Ah , she recalled. Yes. The Festival. It had seemed dreadfully important once, this final gift. But she was too exhausted and too full of regrets to care.
“Why do you cry, Timesmith?”
“I’m a foolish old woman. I’ve spent my entire life just to have one hour with you.”
She closed her eyes. When next she opened them, Valentine was setting her gently upon a cushioned chair in the gilded grand ballroom. It was, she noticed, a place of honor beside Queen Perjumbellatrix. The queen said something, but it was loud in the ballroom. Tink nodded, expressed her thanks, then returned to her dreams.
A jostling woke her, several minutes or decades later. Her chair floated toward the balcony. Valentine lifted it, as did the courtier in the scarlet cravat, and several others whom she felt she ought to recognize but didn’t.

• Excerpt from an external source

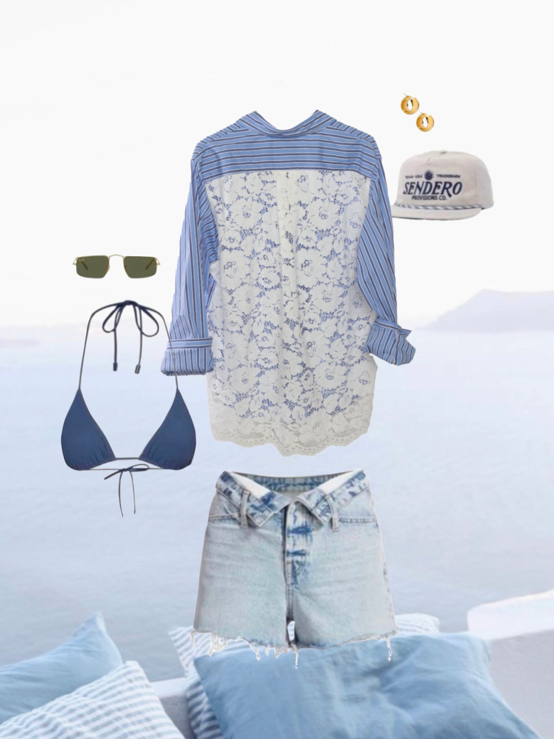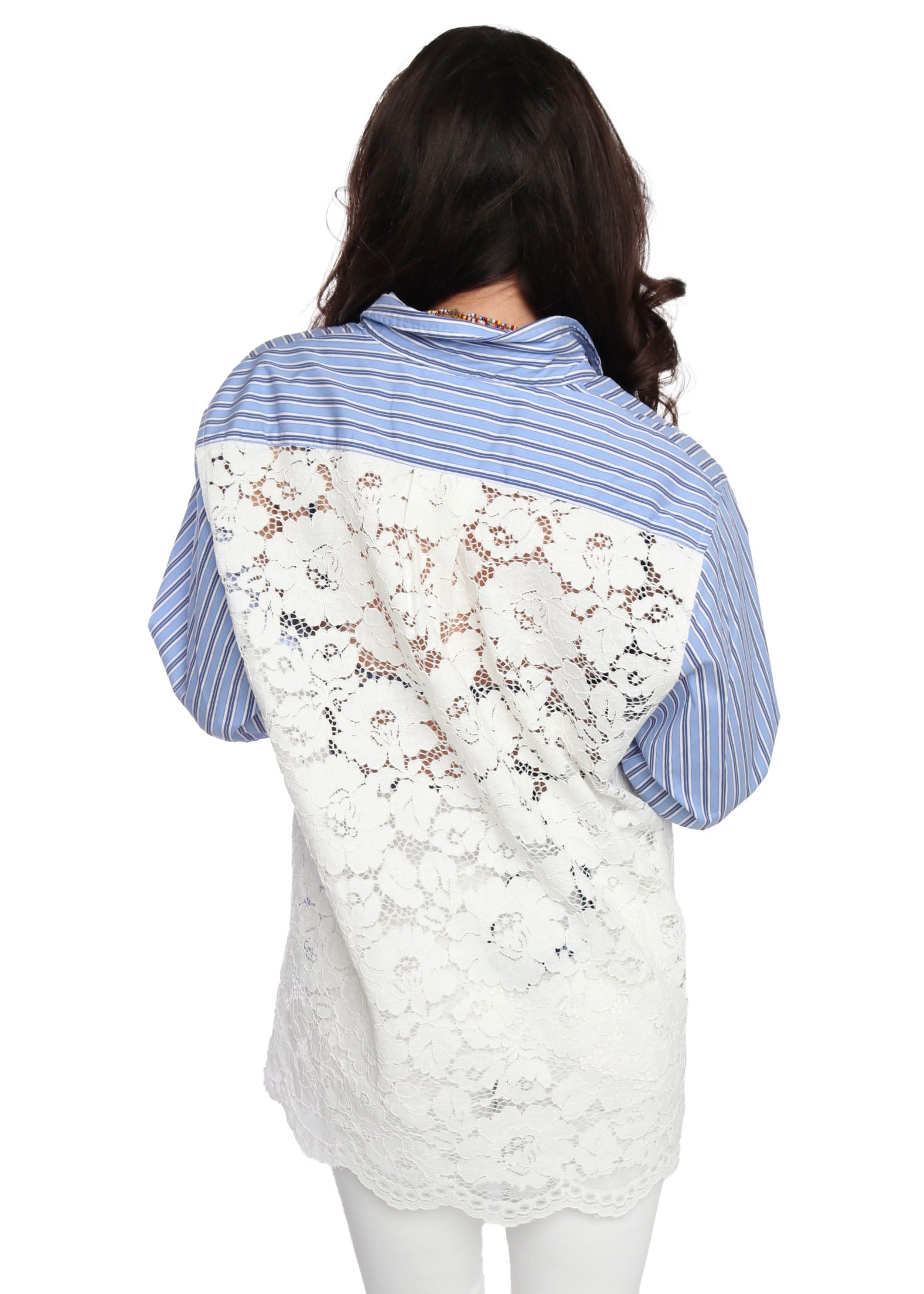 Oversized Lightweight cotton-blend button-down shirt with back lace panel and grosgrain button detail.

Silence fell. All eyes turned to Tink.
She stood, with Valentine’s assistance. (His hands were so strong. So warm. So young.)

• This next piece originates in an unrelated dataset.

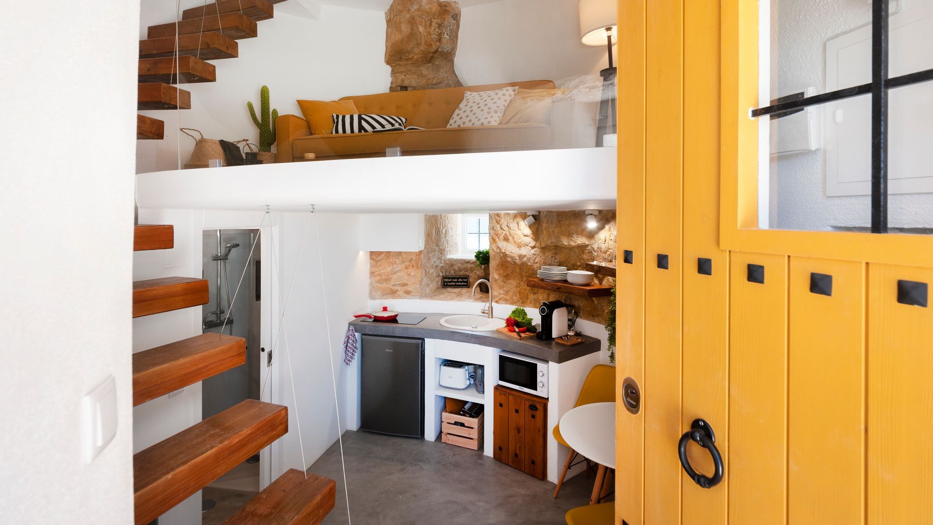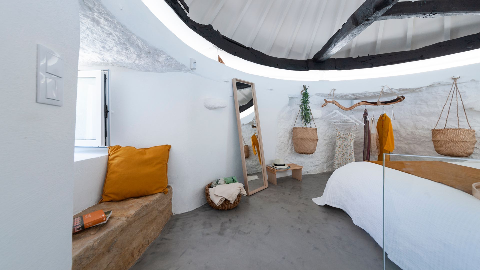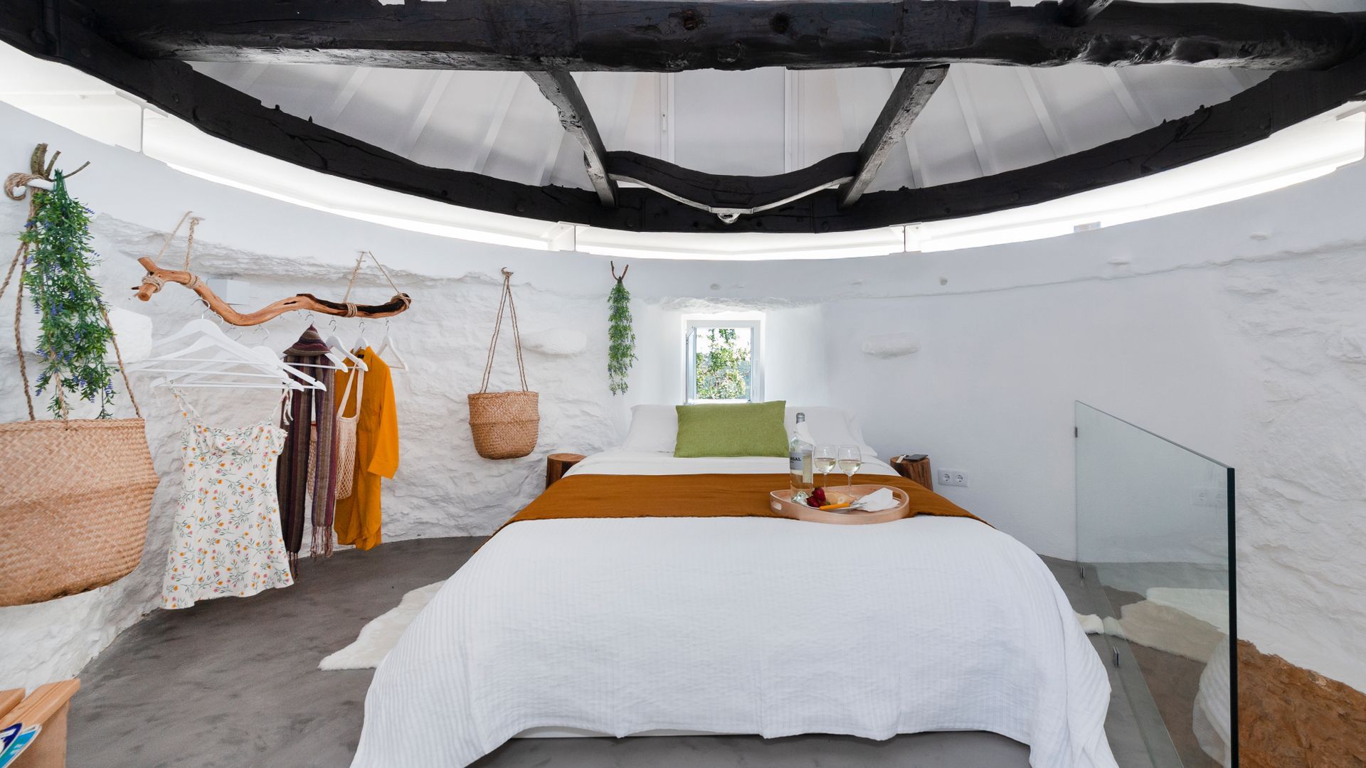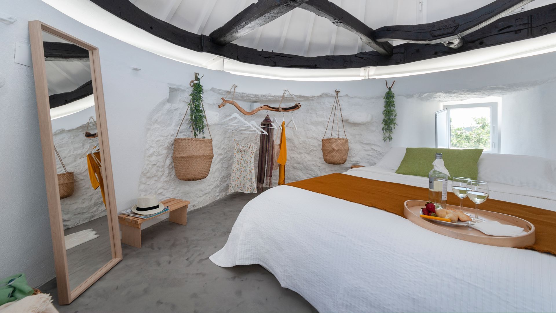 On the ground floor you'll find a little kitchen, with all you'll really need to cook light meals at home, and a bathroom where – somehow – the owners have managed to plumb the tap into part of the building's exposed rock wall itself. Floating stairs carry you up to the living room level, where a third guest could sleep on a comfy sofa bed. And then it's up to the star of the show – the bedroom. With the top of the windmill and all its internal beams as a ceiling, this magical room feels as though its floating on top of the building. And it is, kind of. A narrow window goes right round the whole room, allowing you to see out from every angle.

“This is for you,” she said to Nycthemeron.
The fog brightened, then thinned, then dissipated. A brilliant sun emerged in a sky the color of Valentine’s eyes. The Spire cast a shadow across the sprawling castle-city. Its tip pierced the distant gardens where so many had labored according to Tink’s specifications.
Nycthemeron had become a sundial.
Cheers echoed through the city, loud even to Tink’s feeble ears high atop the Spire.
Everyone understood what Tink had done. She had ended Nycthemeron’s exile. She had given the people a future.
Tink collapsed. Her metronome heart sounded its final tickticktick . Her time had run out.
But not quite.
Time understood that this magnificent work, this living sundial called Nycthemeron, was an expression of her love for Valentine. She had set him free.
Tink found herself in a patch of grass, staring up at a blue sky. The grass was soft, the sky was bright, and her body didn’t ache.
“Ah, you’re awake.”Valentine leaned over her, eclipsing the sky with his beautiful face. He wasn’t, she noticed, wearing the cormorant mask. Nor his ribbons. And his shirt was new. “I have something to show you,” he said.
When Tink took his hand, she saw that her skin was no longer wrinkled, no longer spotted and weak.
These were the Spire-top gardens. But everything looked new and different in the sunlight. Even the trees were strange: row upon row upon row of them. Strange, and yet she felt she somehow knew them.
Valentine saw the expression on her face. He said, “They’re intercalary trees. It seemed a waste to toss the seeds after they’d been spent. So I planted them.”
Seeds? Ah… Tink remembered when she’d first met Valentine, decades ago, when he’d wanted to charm a flaxen-haired beauty. Back when Tink had been young.
The first time she had been young.
And time, knowing it had failed to win Tink’s heart, had given her a parting gift, then set her free.